Monday, November 23, 2009

Review - Henri-Georges Clouzot's Inferno (L'enfer d'Henri-Georges Clouzot)


So often in cinema, a revered director will be undone by a personal project that spins out of control, a project that becomes an all-consuming and never-ending obsession. For Henri-Georges Clouzot, the great artist behind Quai des Orfèvres, Diabolique and The Wages of Fear, it was a film called Inferno, which went into production in 1964, but never made it to the screen. The story behind the film's collapse is entertainingly told in Henri-Georges Clouzot's Inferno, a slickly produced documentary comprised of interviews with key collaborators and choice cuts from the 185 cans of footage the director left behind. Co-director Serge Bromberg discovered this footage quite by chance, when he found himself trapped in a broken elevator with an elderly woman for company. She turned out to be Inés, Clouzot's widow, and their discussion eventually turned to her late husband's greatest disappointment, the collapse of his much-cherished project.

The tantalising thing about Henri-Georges Clouzot's Inferno is that it shows us enough of the extraordinary film to suggest it may have been a lost masterpiece, while simultaneously suggesting that the project was doomed from the start, being directed by a man who had lost control of his vision. Clouzot had been inspired by Fellini's , and with Inferno, he intended to produce something every bit as groundbreaking, although one suspects he never really had the kind of genius for freewheeling invention that Fellini possessed. His story was essentially a simple one; the tale of a man (Serge Reggiani) who is obsessed with the idea that his flirtatious wife (Romy Schneider) is cheating on him. The film was to be shot in black-and-white, but Clouzot's plan was to interrupt the main narrative with fantasy sequences that expressed Reggiani's fears in vivid colour, and it was in these sequences that the director intended to dazzle his audience.

The most astonishing images in Henri-Georges Clouzot's Inferno emerge from the test footage he shot as he tried to find the perfect visual expression for his hero's jealousy. A number of contemporary artists were hired to lend their expertise as the director fiddled with innovative camera techniques, toyed with his colour palette, and filmed the remarkably game Schneider in scene after scene of psychedelic mania. In one of his most mind-boggling moves, Clouzot decided he wanted the water to be blood-red in a scene set on a lake, but the colour inversion required to achieve this meant the actors needed to be coated in various shades of grey, green and blue. But in all of this experimentation, what was Clouzot searching for? At times, it seemed even he didn't know, and the test shooting went on for months, with little sign of a completed film emerging, and the large budget draining away. Bromberg and his co-director Ruxandra Medrea do try to give us a sense of what the final project may have looked like, with inserts that feature two actors reading Clouzot's script on a bare stage, or edited-together footage with a soundtrack added, but these sequences tend to be the film's weakest. Henri-Georges Clouzot's Inferno is at its best when the footage is allowed to speak for itself, particularly when it focuses on Schneider, who positively glows in front of the camera.

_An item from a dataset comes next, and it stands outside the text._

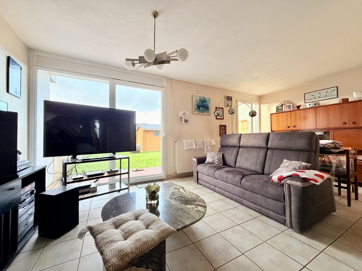 Rue des Acacias, maison mitoyenne de 83 m² comprenant entrée, buanderie, wc, cuisine, séjour-salon. A l'étage, palier, salle d'eau, dressing, trois chambres.
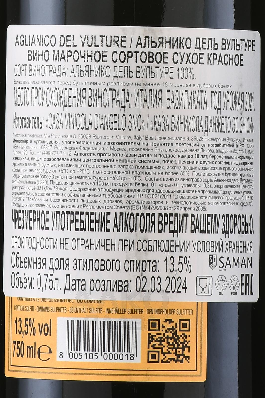 Вино D`Angelo Aglianico del Vulture 0.75 л создается на склонах потухшего вулкана Вультуре, где суровая природа Базиликаты формирует характер напитка. Виноград Альянико, выращенный на вулканических почвах на высоте около 400 метров над уровнем моря, впитывает контраст дневного тепла и прохладных горных ветров, благодаря чему достигается высокая концентрация и выразительность. Урожай собирают вручную в поздние сроки, отбирая только полностью зрелые ягоды. Ферментация проходит с контролем температуры для сохранения структуры и ароматической глубины, после чего напиток выдерживается в больших дубовых бочках около 18 месяцев. Такая технология придаёт ему зрелость, плотность и потенциал развития до 20 лет, раскрывая сложность вулканического терруара в каждом глотке.

A number of crew members offer their own perspective, and their candid recollections give us an idea of the mayhem that the Inferno shoot eventually became. Amusing anecdotes abound, from the insomniac Clouzot waking his crew members at 2am to discuss new ideas, or cinematographer Claude Renoir escaping through a bathroom window to avoid another interminable scouting trips. At one point, Clouzot had three different camera crews working separately, with each crew having no idea what the others were doing. It was chaos, frankly, and when an exhausted and frustrated Reggiani left the shoot, the game was almost up; a fact confirmed by the director's subsequent heart attack, which finally drew a line under the whole escapade. Henri-Georges Clouzot's Inferno ends on a sad, elegiac note, telling us sombrely that the director made one more feature film before his death in 1977; and while he is justifiably remembered as one of the great French filmmakers, he never quite recovered from the experience of so thoroughly losing his way inside his Inferno.